The cell wall possesses catalytic activity
But the cell wall is even more than just polysaccharide relatives. A critical component
of cell walls is protein that provides catalytic activity for the cell wall region.
Enzymes that polymerize wall monomers, enzymes that cross-link polymers, enzymes that
cleave polymers, these and others permit the cell wall region to be a dynamically-sculpted
element for a living cell.
The cell wall provides for turgor pressure
Far from being a barrier, the wall is partially for the structural support of a multicellular,
multidimensional plant body, but has a critical function in providing a means to survive in
a dilute solution of solutes. Soil water is a hypotonic medium and the wall provides a means
to avoid cell expansion that would otherwise exceed the bursting strength of the cell membrane.
It permits the development of turgor pressure which can be a structural and functional factor
in support and movement.
The cell membrane is more than phospholipids
The cell membrane, generally just inside of the cell wall and tightly apressed against it
because of turgor pressure, is the exchange regulator for the cell and its environment. Indeed
the oligosaccharide subunits and wall-sculpting enzymes are passed from the interior of the
cell through this membrane: by exocytosis. Water, minerals, sometimes organic particles, pass
from the environment through this membrane to the cell's interior: endocytosis. While
"goodies" are allowed to pass through the membrane, other substances are kept outside.
The cell membrane is shown below.
The phosopholipids provide barrier functions
The main barrier function is provided by the phospholipid bilayer. This bilayer is composed
of amphipathic phospholipid molecules. Two C14-C24 fatty acids, one saturated (no double
bonds) and the other at least mono-unsaturated (one double bond), comprise the hydrophobic
"tails" that make passage of charged and polar molecules into and out of the cell all but
impossible. These are linked by a glycerol (3C-sugar) to a very polar and hydrophilic
phosphate-small-organic-group "head." Thus polar solutes might pass into the "heads" part of
the membrane, but cannot pass through the non-polar "tails." Similarly non-polar molecules
would pass easily through the "tails" part of the membrane, but cannot approach that because
of the polar "heads" layer.
Phospholipids spontaneously form bilayers with the polar "heads" facing the aqueous
extra-cellular fluids and the aqueous cytosol. Between these layers of "heads" the hydrophobic
"tails" inter-mingle. The double-layer of "tails" thus provides a the barrier functions for
many biologically-interesting ions and molecules.
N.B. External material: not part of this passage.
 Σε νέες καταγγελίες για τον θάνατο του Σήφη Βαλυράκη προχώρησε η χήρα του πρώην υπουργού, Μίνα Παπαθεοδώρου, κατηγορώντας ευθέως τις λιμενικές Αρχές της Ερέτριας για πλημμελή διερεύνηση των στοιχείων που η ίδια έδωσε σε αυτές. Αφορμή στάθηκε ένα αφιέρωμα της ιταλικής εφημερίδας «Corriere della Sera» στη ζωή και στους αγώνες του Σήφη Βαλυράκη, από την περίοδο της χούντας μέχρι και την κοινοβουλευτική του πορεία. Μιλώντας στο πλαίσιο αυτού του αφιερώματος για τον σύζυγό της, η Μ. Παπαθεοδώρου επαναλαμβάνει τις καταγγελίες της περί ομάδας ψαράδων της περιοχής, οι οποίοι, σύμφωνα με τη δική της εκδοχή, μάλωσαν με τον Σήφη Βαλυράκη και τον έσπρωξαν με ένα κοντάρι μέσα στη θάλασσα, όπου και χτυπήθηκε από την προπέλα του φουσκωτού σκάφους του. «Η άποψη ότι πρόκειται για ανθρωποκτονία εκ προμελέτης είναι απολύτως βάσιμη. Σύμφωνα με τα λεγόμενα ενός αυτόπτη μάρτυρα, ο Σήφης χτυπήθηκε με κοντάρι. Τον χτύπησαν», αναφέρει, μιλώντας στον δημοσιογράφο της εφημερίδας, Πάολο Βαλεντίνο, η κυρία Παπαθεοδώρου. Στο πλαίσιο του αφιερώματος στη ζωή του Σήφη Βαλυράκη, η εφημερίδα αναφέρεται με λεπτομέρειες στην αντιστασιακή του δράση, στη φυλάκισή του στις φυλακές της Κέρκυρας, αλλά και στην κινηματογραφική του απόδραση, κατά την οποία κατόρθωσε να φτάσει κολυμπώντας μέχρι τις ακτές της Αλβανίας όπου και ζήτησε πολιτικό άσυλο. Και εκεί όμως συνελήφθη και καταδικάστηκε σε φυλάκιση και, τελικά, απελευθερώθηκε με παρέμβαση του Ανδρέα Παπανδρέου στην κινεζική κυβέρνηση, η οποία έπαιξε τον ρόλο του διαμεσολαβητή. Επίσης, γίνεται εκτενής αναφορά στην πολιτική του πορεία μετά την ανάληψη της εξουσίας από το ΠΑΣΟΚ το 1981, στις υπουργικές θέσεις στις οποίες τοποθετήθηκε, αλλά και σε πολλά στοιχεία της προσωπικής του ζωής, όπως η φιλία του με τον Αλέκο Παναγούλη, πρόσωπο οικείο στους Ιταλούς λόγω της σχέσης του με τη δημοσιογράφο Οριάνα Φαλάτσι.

An individual phospholipid in the bilayer is free to move about in the plane of the bilayer.
Contributing to this fluidity of movement, or stabilizing this fluidity depending on
temperature are various steroids that are often a part of the membrane. In plants the
steroid components include wide range of distinct molecules.
The cell membrane proteins provide catalytic functions
But a cell membrane that is a great barrier is not good for the cell per se. In
fact a barrier is only as good as its doors and windows. The mark of a good barrier
is that it allows for exchange of positive elements while providing only exit and never
entrance of negative elements. This lesson, hopefully recalling the Iron Curtain, is
pointing to the proteins of a cell membrane.
The phospholipid bilayer is traversed by integral proteins. These proteins have two
hydrophilic zones separated by a hydrophobic zone of suitable dimensions to become
trans-membrane transport proteins. These may permit facilitated diffusion of suitably
small charged molecules or elements, or perhaps even active transport of essential
components. Active transport of course involves the conversion of ATP into ADP and
Pi or AMP, with the released energy from the cleavage of the phosphate bond driving
the movement of the component through the membrane.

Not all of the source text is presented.